Mesh Compression: Draco (Morton codes + EdgeBreaker), V-DMC (base mesh + displacement), Geometry Images (conversion to 2D for video codecs)—all suffer from explicit topological quantization distortion.
Point Cloud Compression: G-PCC (Octree), SparsePCGC (learned sparse voxels)—conversion and Poisson reconstruction introduce distortion.
Implicit Field Compression: Tang et al. (patch-based TSDF), NeCGS (learned deformation fields)—dense representations are trapped in low resolution. This work breaks through to 512 resolution using sparse representations.

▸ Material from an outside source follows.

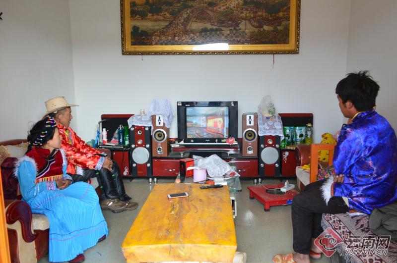 罗平县罗雄街道中和村的彝族群众收看情景。通讯员 毛虹 摄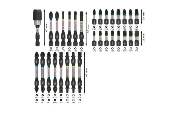 | Κατσαβιδόλαμα 65 mm: PH1/PH2, PH2/PH3, PH2/PZ2 (2x), T15/T20 (2x), T25/T30, SL1 x 5.5/SL1 x 5.5 |

Inspiration: The idea of "sparsifying representation based on information density" can be extended to other geometry or scientific data compression tasks that are inherently sparse but require regular tensors.

Rating¶

Novelty: ⭐⭐⭐⭐ — The Sparse SDF Tensor design is concise and addresses the fundamental pain point of dense SDFs. The combination of E2E rate-distortion and sparse convolution for mesh compression is a clear incremental innovation.
Experimental Thoroughness: ⭐⭐⭐⭐ — Covers multi-source data (Mixed/ShapeNet/MPEG/ScanNet/MGN), compares against 5 representative methods, and includes BD-BR, complexity, visualization, dynamic sequences, non-watertight support, and multiple ablations. Very solid.
Writing Quality: ⭐⭐⭐⭐ — Clear motivational progression, effective diagrams (pipeline and SMC are intuitive), and coherent narrative between methods and experiments.
Value: ⭐⭐⭐⭐ — A 0.42 MB model + near real-time performance + 30%–90% bit rate savings offers direct utility for bandwidth-sensitive scenarios like VR and robotics. Open-sourced.